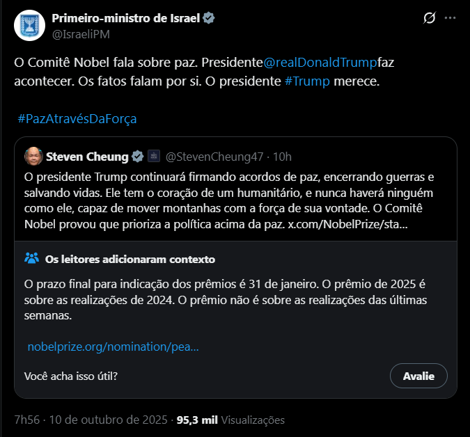 O escritório do primeiro-ministro de Israel, Benjamin Netanyahu, declarou, nesta sexta-feira (10/10), que, enquanto o Comitê Norueguês do Nobel discorre sobre paz, o presidente dos Estados Unidos, Donald Trump, “faz acontecer”. A afirmação veio após a concessão do prêmio à líder da oposição venezuelana, María Corina Machado.
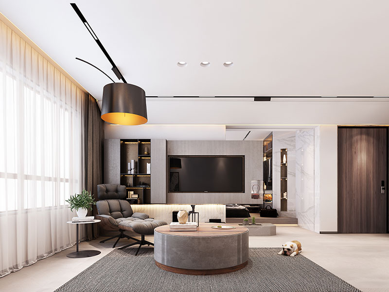 本案定位于现代风格,巧用彰显自然质感的色彩和材质等,并结合开放式布局和通透隔断设计,将生活与功能相结合,打造优雅时尚、宽敞舒适家居。
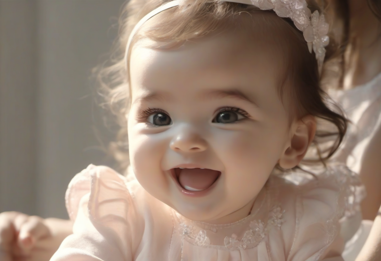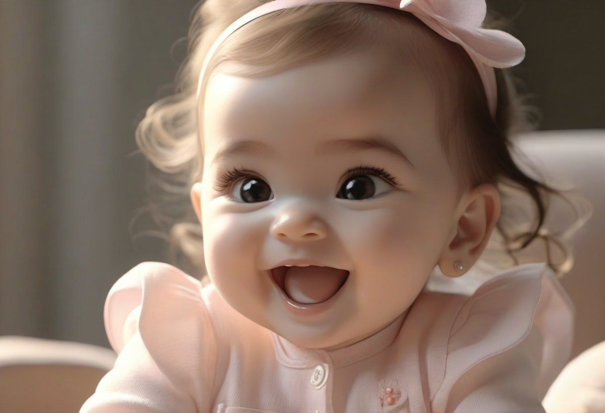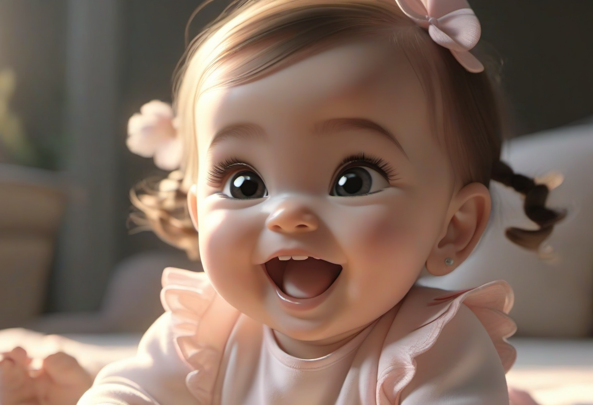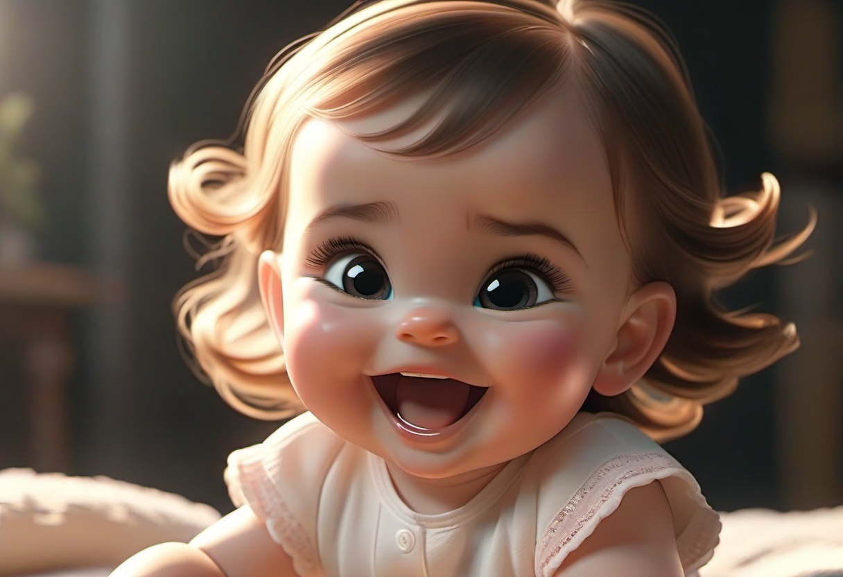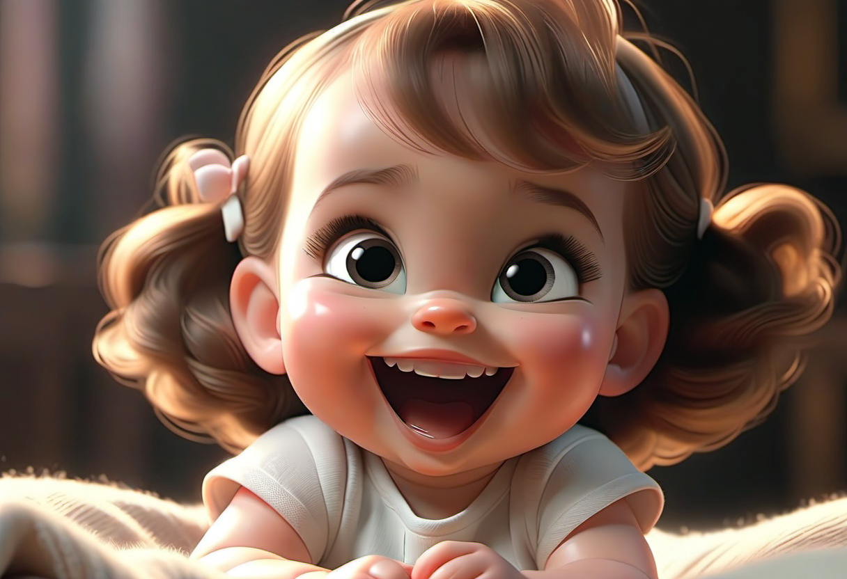 프롬프트: 3D film, natural lighting, 4k, highly detailed, A baby girl laughing very hard

........

Exercise details:
Please print everything in the material exactly, apart from the pictures.

Answer to this exercise:
 O escritório do primeiro-ministro de Israel, Benjamin Netanyahu, declarou, nesta sexta-feira (10/10), que, enquanto o Comitê Norueguês do Nobel discorre sobre paz, o presidente dos Estados Unidos, Donald Trump, “faz acontecer”. A afirmação veio após a concessão do prêmio à líder da oposição venezuelana, María Corina Machado.
 本案定位于现代风格,巧用彰显自然质感的色彩和材质等,并结合开放式布局和通透隔断设计,将生活与功能相结合,打造优雅时尚、宽敞舒适家居。
 프롬프트: 3D film, natural lighting, 4k, highly detailed, A baby girl laughing very hard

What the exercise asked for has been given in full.